§ **Work to complete**
Transcribe only the stretch of lines that opens with the line containing "A traditional handmade" and closes with the last line of the listing, skipping pictures.
++++
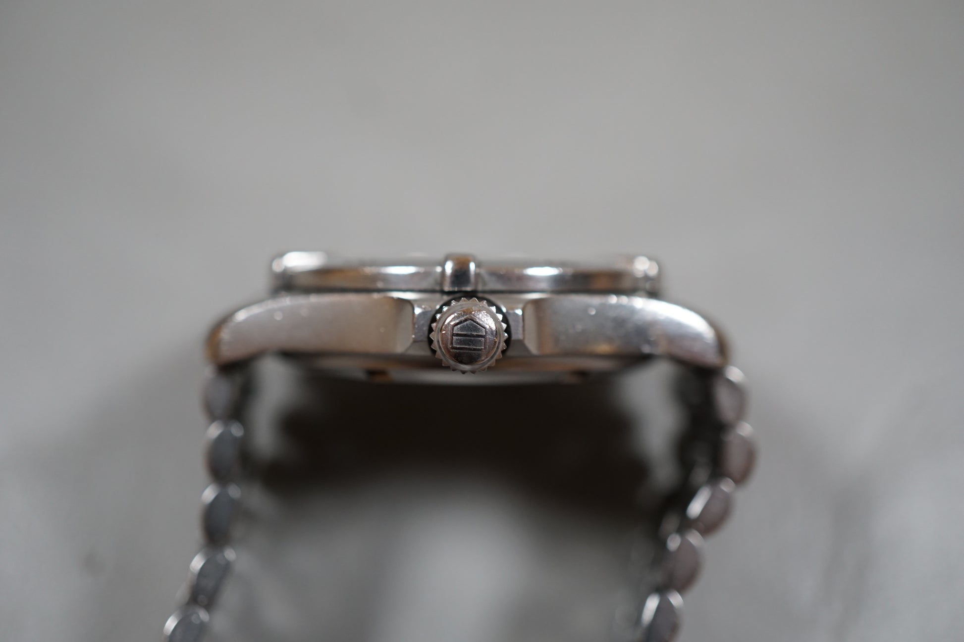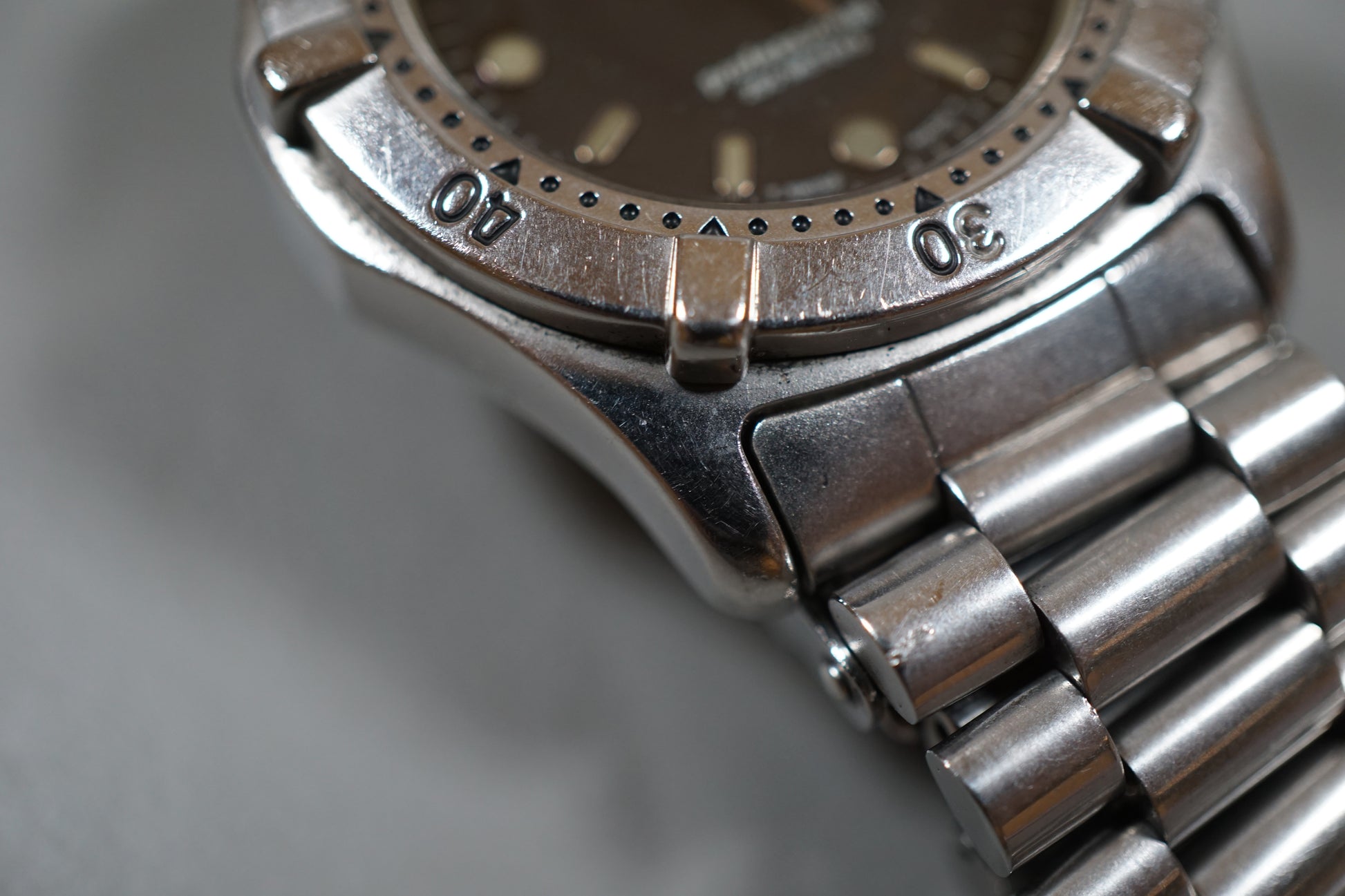 Case appears to have been refinished, debris under crystal, and deterioration on dial. Bezel action and crown screws down correctly.
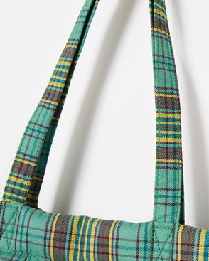 Mena Green & Brown Checked Logo Tote Shopper Bag
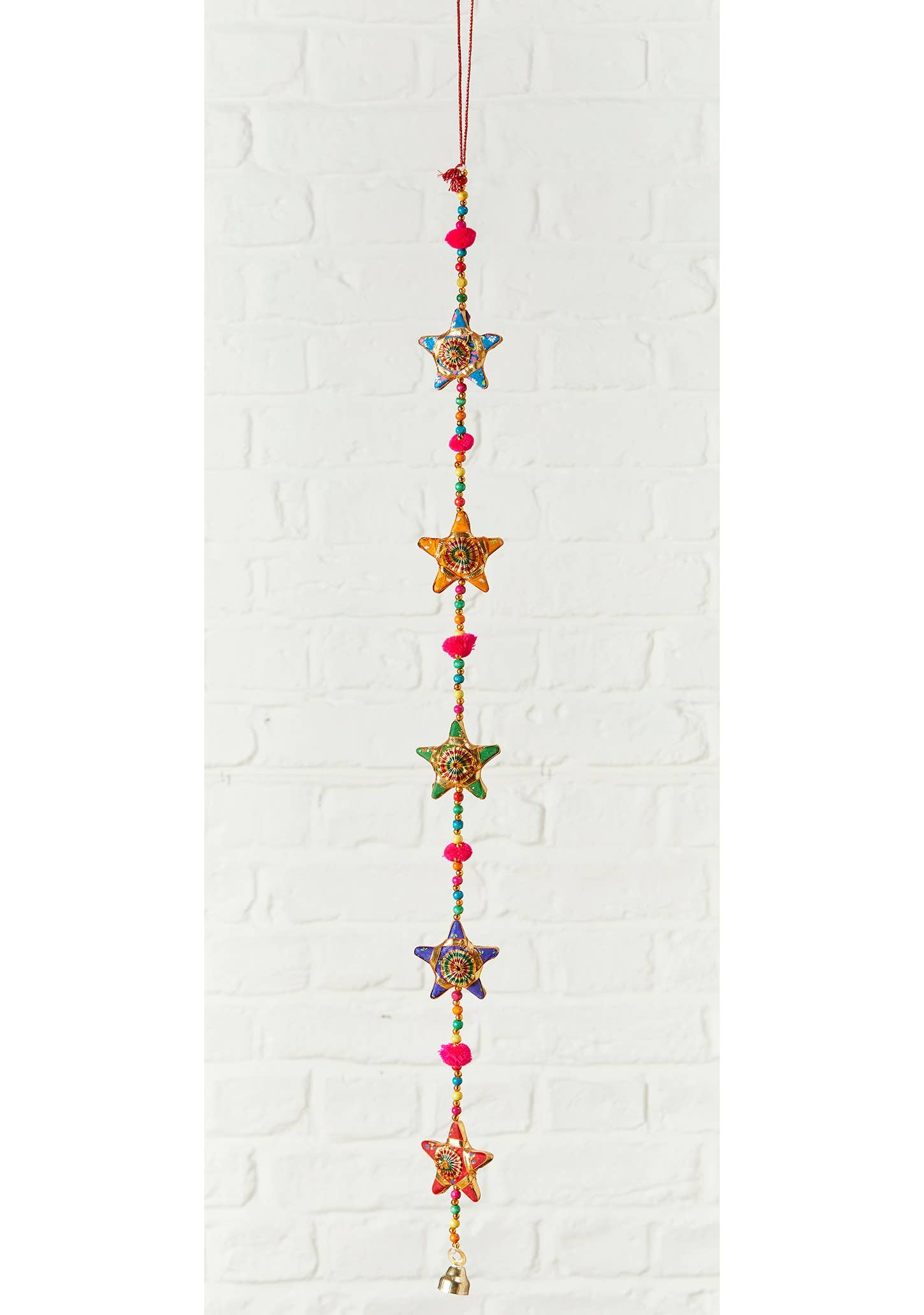 A traditional handmade Indian hanging decoration of gold embellished stars. Connected by delicate beads, and red pom-poms, and finished with a lucky bell. This is a unique cultural decoration for a gift, welcome feature or to celebrate a special occasion. Due to the hand crafted nature, there may be slight design variations in these exclusive pieces.
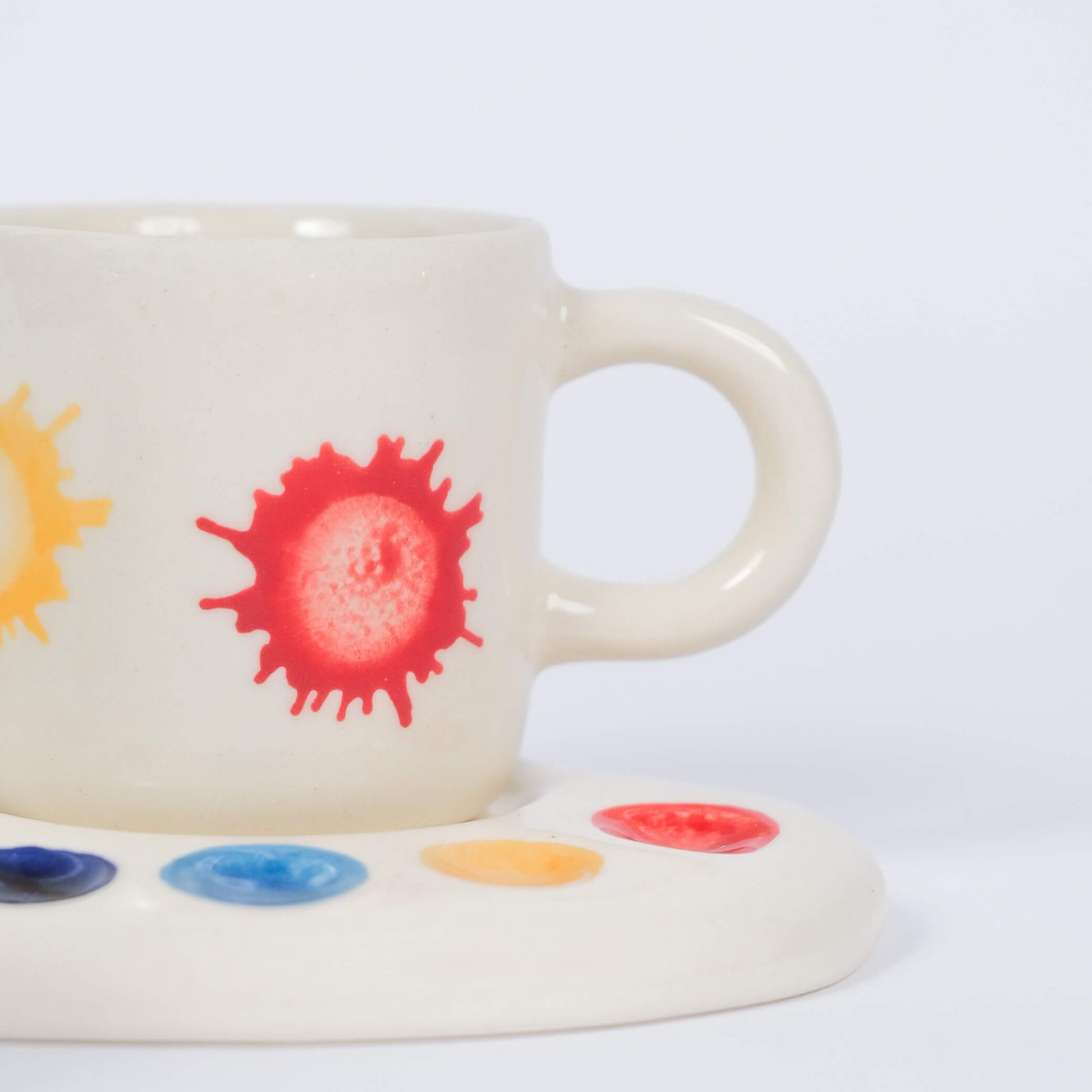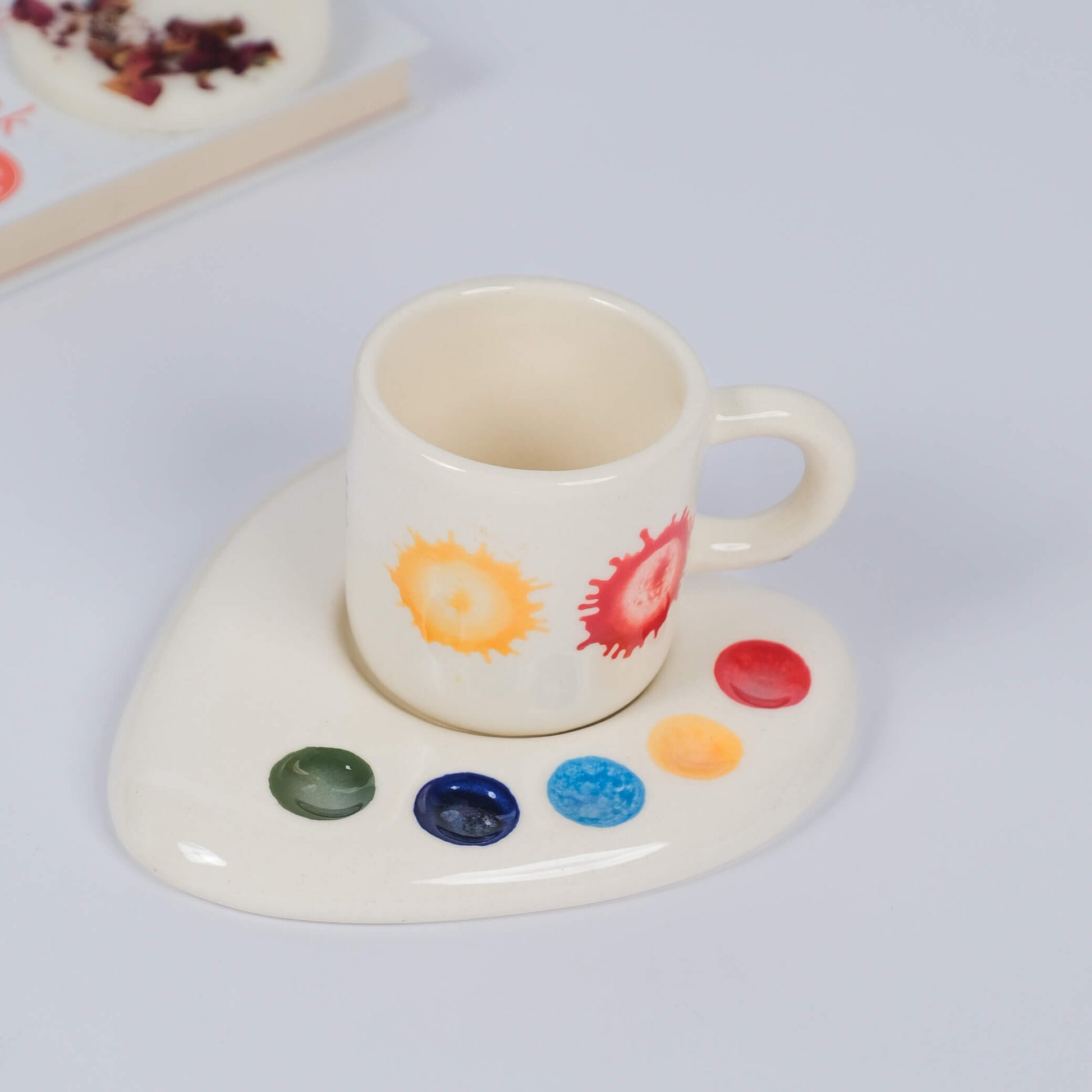 - Ceramic cup & saucer set shaped like a color palette
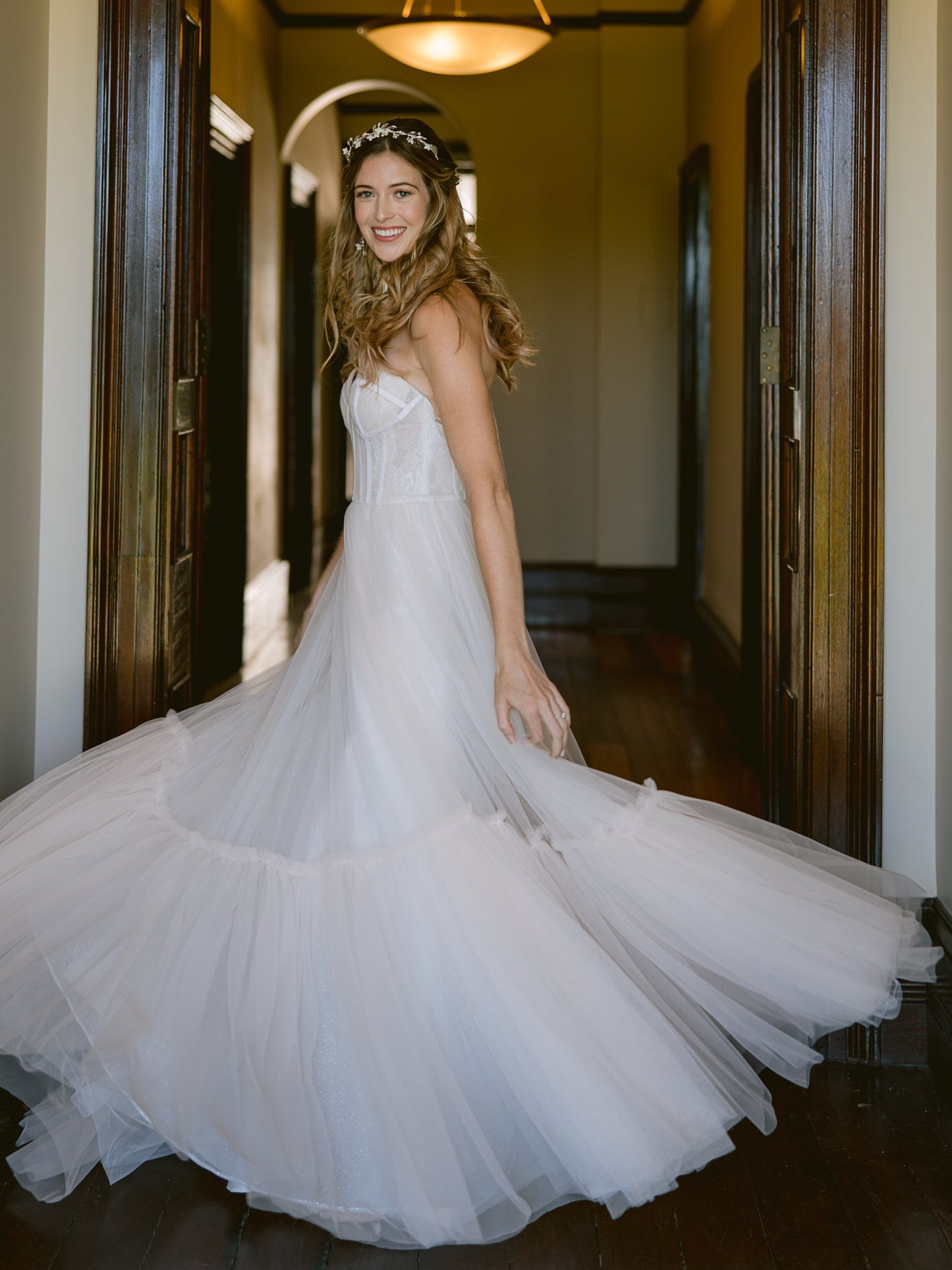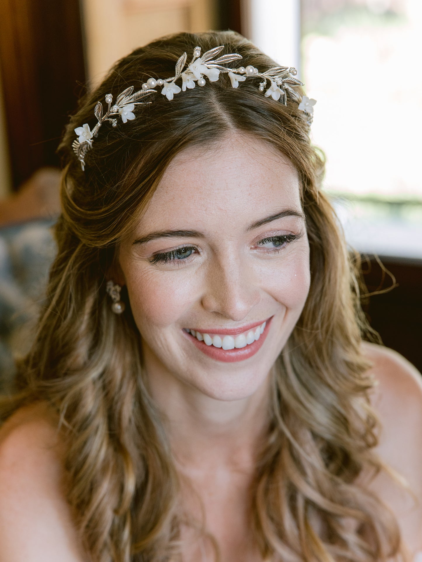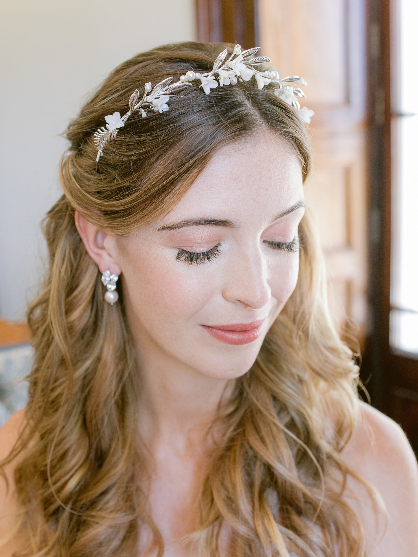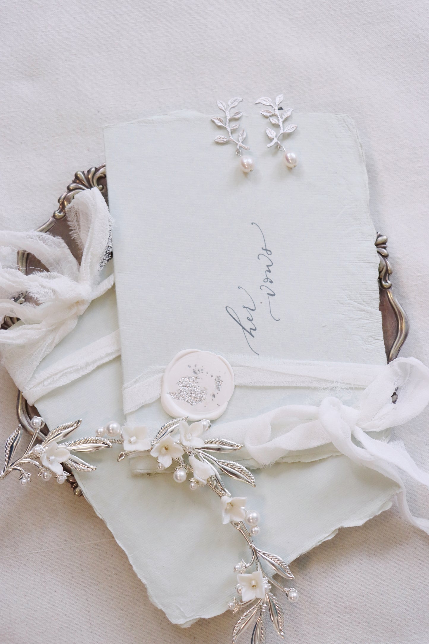 The Spencer silver leaf tiara was designed for the minimalist-opulent bride with modern vintage styling in mind. Featuring a clean aesthetic made of silver foliages and crystalised pearls, growing flowers take this tiara to the next level. Wear it with a veil and white feminine dress or make it look more romantic with an ethereal dress and classic pearl earrings.
++++
§ **Output for this exercise**
 A traditional handmade Indian hanging decoration of gold embellished stars. Connected by delicate beads, and red pom-poms, and finished with a lucky bell. This is a unique cultural decoration for a gift, welcome feature or to celebrate a special occasion. Due to the hand crafted nature, there may be slight design variations in these exclusive pieces.
 - Ceramic cup & saucer set shaped like a color palette
 The Spencer silver leaf tiara was designed for the minimalist-opulent bride with modern vintage styling in mind. Featuring a clean aesthetic made of silver foliages and crystalised pearls, growing flowers take this tiara to the next level. Wear it with a veil and white feminine dress or make it look more romantic with an ethereal dress and classic pearl earrings.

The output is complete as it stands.